This work addresses the inefficiency of synchronous on-policy reinforcement learning in large-group training, where straggler nodes significantly degrade performance. To mitigate this issue, the authors propose Straggler-Aware Group Control (SAGC), which formulates dynamic group size selection as an online constrained optimization problem for the first time. By adaptively adjusting group sizes in real time, SAGC preserves the benefits of large-batch training while effectively constraining the long-term occurrence rate of stragglers. Implemented within the GRPO/DAPO framework, SAGC substantially reduces straggler frequency, enhances wall-clock efficiency and training stability, and ultimately achieves higher rewards. Moreover, it outperforms the best static group-size baseline on downstream inference tasks, generating shorter yet higher-quality outputs.
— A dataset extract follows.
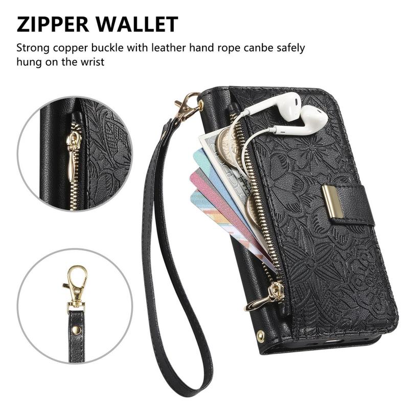 Le custodie a portafoglio sono diventate sempre più popolari come alternativa ecologica al portare con sé sia un portafoglio che una custodia per iPhone 17. Il processo di goffratura floreale non solo migliora l'aspetto, ma rafforza anche la superficie in poliuretano, rendendola più resistente ai graffi.

Synchronous reinforcement learning methods such as Group Relative Policy Optimization (GRPO) provide stable and reproducible on-policy training, but they are highly vulnerable to stragglers, a single unusually long rollout can delay reward computation and parameter updates for the entire group. This problem becomes more severe as group size increases, creating a tension between the benefits of larger groups and the wall-clock cost of synchronization stalls. We propose Straggler-Aware Group Control (SAGC), a dynamic group-size controller that adapts the training group online based on observed rollout behavior. SAGC formulates group-size selection as an online constrained optimization problem, seeking to retain the benefits of larger groups while controlling the long-term rate of straggler events. Across synchronous GRPO and DAPO training, and on top of both vanilla and strong engineered baselines, SAGC consistently reduces straggler incidence and improves wall-clock efficiency while achieving competitive or better training reward. We further show that these gains transfer to final model quality: SAGC is competitive with or better than the strongest static group-size baseline on downstream reasoning benchmarks, and often produces shorter outputs without any explicit length penalty. These results position dynamic group control as a practical way to make synchronous on-policy RL more efficient and robust.